The Weekly Volcanic Activity Report does not necessarily include all volcanic activity that occurred on Earth during the week. More than a dozen volcanoes globally have displayed more-or-less continuous eruptive activity for decades or longer, and such routine activity is typically not reported here. Moreover, Earth's sea-floor volcanism is seldom reported even though in theory it represents the single most prolific source of erupted material. The Weekly Volcanic Activity Report summarizes volcanic activity that meets one or more of the following criteria:

- A volcano observatory raises or lowers the alert level at the volcano.
- A volcanic ash advisory has been released by a volcanic ash advisory center (VAAC) stating that an ash cloud has been produced from the volcano.
- A verifiable news report of new activity or a change in activity at the volcano has been issued.
- Observers have reported a significant change in volcanic activity. Such activity can include, but is not restricted to, pyroclastic flows, lahars, lava flows, dome collapse, or increased unrest.

Volcanoes are included in the "New Activity/Unrest" section of the Weekly Volcanic Activity Report if the activity occurs after at least 3 months of quiescence. Once a volcano is included in the "New Activity/Unrest" section, updates will remain in that section unless the activity continues for more than 1 month without escalating, after which time updates will be listed in the "Continuing Activity" section. Volcanoes are also included in the "New Activity/Unrest" section if the volcano is undergoing a period of relatively high unrest, or increasing unrest. This is commonly equal to Alert Level Orange on a scale of Green, Yellow, Orange, Red, where Red is the highest alert. Or alert level 3 on a scale of 1-4 or 1-5.

It is important to note that volcanic activity meeting one or more of these criteria may occur during the week, but may not be included in the Weekly Volcanic Activity Report because we did not receive a report.

Disclaimers



1. The Weekly Volcanic Activity Report is intended to provide timely information about global volcanism on a weekly basis. Consequently, the report is generated rapidly by summarizing volcanic reports from various sources, with little time for fact checking. The accuracy of the Weekly Volcanic Activity Report is dependent upon the quality of the volcanic activity reports we receive. Reports published in the Bulletin of the Global Volcanism Network are monthly, and more carefully reviewed, although all of the volcanoes discussed in the Weekly Volcanic Activity Report are not necessarily reported in the Bulletin. Because of our emphasis on rapid reporting on the web we have avoided diacritical marks. Reports are updated on the Weekly Volcanic Activity Report web page as they are received, therefore information may be included regarding events that occurred before the current report period.

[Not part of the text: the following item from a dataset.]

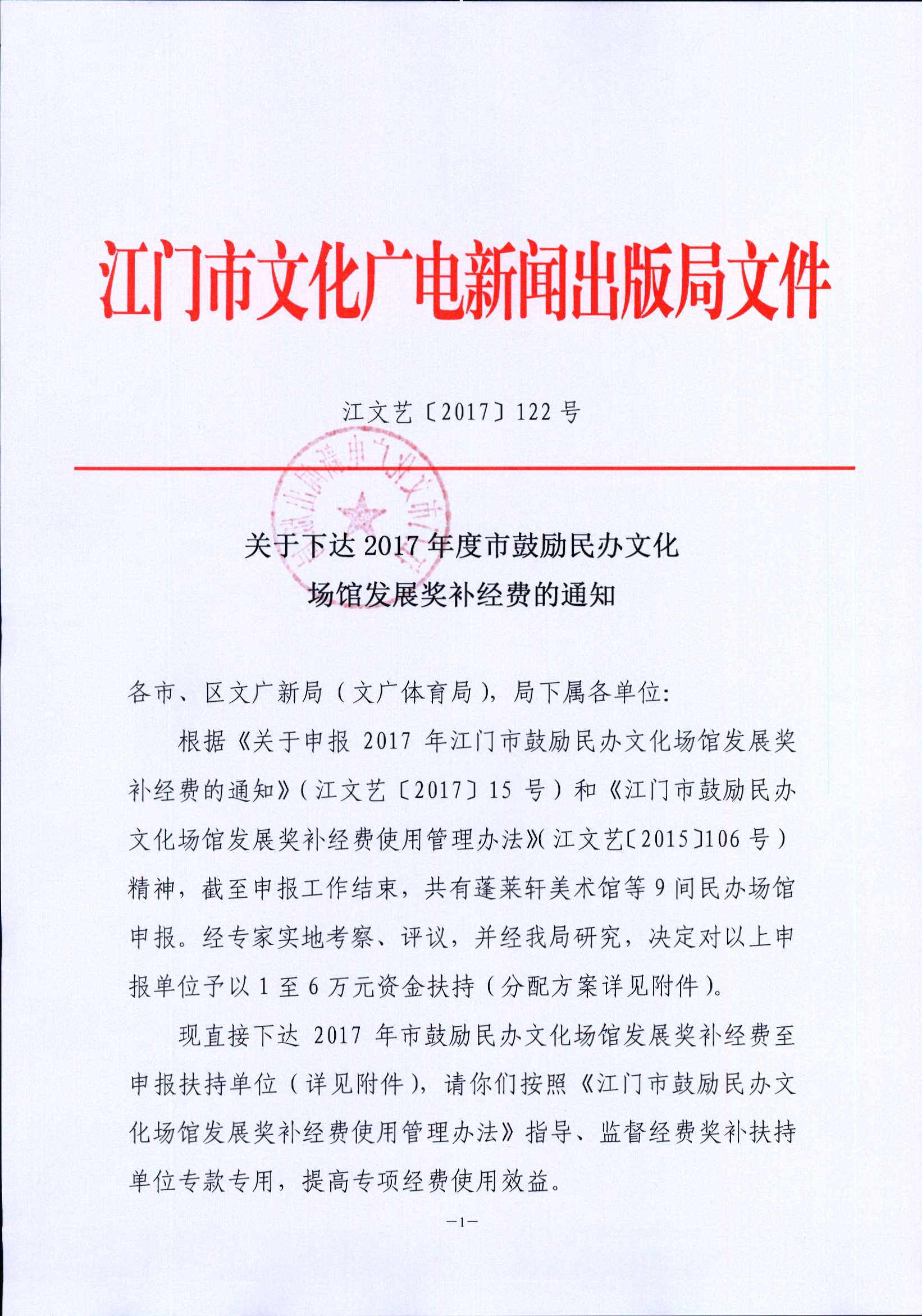 【文件】关于下达2017年度市鼓励民办文化场馆发展奖补经费的通知(江文艺〔2017〕122号)

2. Rapidly developing events lead to coverage that is often fragmentary. Volcanoes, their eruptions, and their plumes and associated atmospheric effects are complex phenomena that may require months to years of data analysis in order to create a comprehensive summary and interpretation of events.

3. Preliminary accounts sometimes contain exaggerations and "false alarms," and accordingly, this report may include some events ultimately found to be erroneous or misleading.

4. Many news agencies do not archive the articles they post on the Internet, and therefore the links to some sources may not be active. To obtain information about the cited articles that are no longer available on the Internet contact the source.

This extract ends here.